L'inglese, infatti, è una delle lingue più
semplici e, per loro fortuna, sta anche diffondendosi
come seconda lingua universale.
Per un inglese, ad esempio, è terrificante constatare
che nello spagnolo un verbo possa avere, fra presente,
passato, futuro, condizionale, congiuntivo e imperfetto,
ben 48 forme diverse. A noi italiani la cosa non
sorprende, invece, perché con "andrò,
andrai, andrà, andremo, andrete, andranno"
non scherziamo nemmeno noi!
Chi non attribuisce generi alle parole, poi, resta sempre
molto sorpreso dal fatto che porta sia femminile mentre
armadio sia maschile. E quello che maggiormente atterrisce
è quando, come in tedesco, il genere segue
regole che paiono prive di senso comune (ma le lingue
hanno tutte una loro storia antica e complessa), come
sottolineò Mark Twain notando che una giovane ragazza
tedesca non è di genere femminile mentre una rapa
lo è.
Il tuyuca, parlato nella Amazzonia orientale, arriva
a 50 generi diversi. E questo è davvero difficile
da capire.
Le cose si complicano, e di molto, quando si deve imparare
una lingua nella quale possono apparire parole lunghissime.

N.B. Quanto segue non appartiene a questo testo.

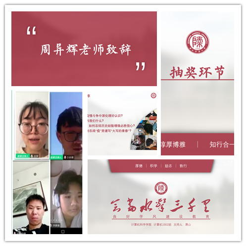 计算机1802班的同学在团支书蒋山结合“思政大课”内容,帮助同学们在抗击疫情的斗争中深化理论认识,总结历史经验增强必胜信心,同时督促青年学子在战“疫”里谱写大写的青春。之后同学们以我眼中的“云”师大为题展开讨论,并邀请了几位同学分享自己的网课生活,阐述了网课的优缺点,活跃了班会的气氛。在读书分享环节,蒋山、陈胥言、孙毅三位同学分享了自己在假期内读过的一本书,建议大家利用假期时间,捧起一本好书来细细品读,陶冶自我的情操的同时开阔视野。最后,远在挪威的班主任周异辉老师分享了挪威的疫情情况,希望同学们在特殊时期不放松,认真学习,养成良好的学习习惯,培养积极向上的学风。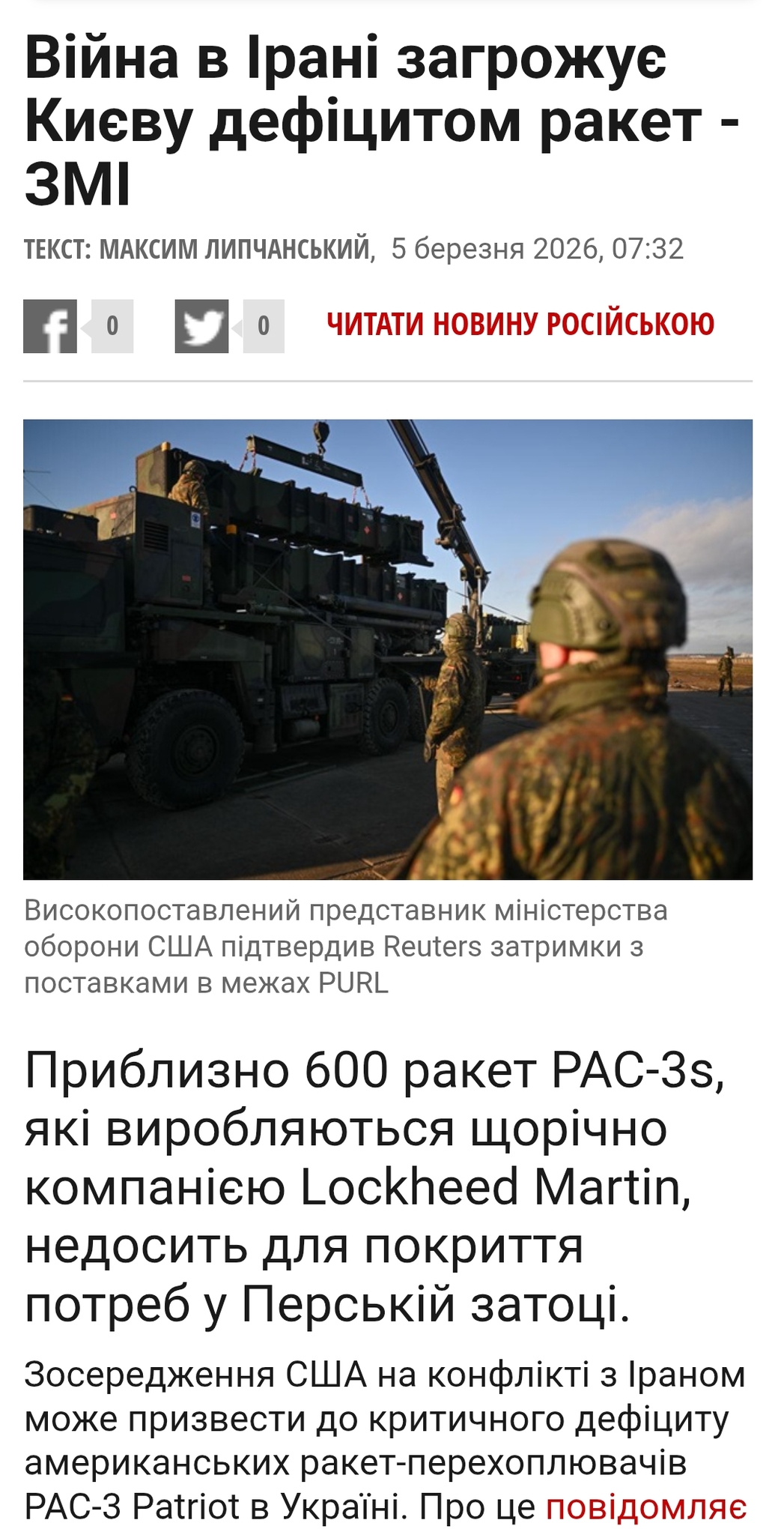 Нажаль світовий дефіцит PAC-3 вплине на можливість Києва збивати балістику, до того ще й погрози "немитих" вийти з переговорного процесу ... Зима прийде знову "зненацька" , а опалювальний сезон не буде готовий. Будєт толька даражать, но праблєма, пакупать не хатят!

Con l'italiano non capita, ma con il turco sì.
'Evlerindemiscesine rahattilar' significa che qualcuno
nella vostra casa ha creato un gran disordine come se
fosse a casa sua. Si chiamano lingue agglutinanti quelle
che incollano in una o due parole pensieri lunghi. Nel
tuyuca 'Digaape wi' significa "il
ragazzo stava giocando a pallone e lo so perché
l'ho visto"
Mentre 'Diga ape hihi' vuol dire "il ragazzo
stava giocando a pallone, credo". Infine le cose
si complicano molto quando alla lingua si aggiunge
si aggiunge proprio la lingua, è il caso di dire.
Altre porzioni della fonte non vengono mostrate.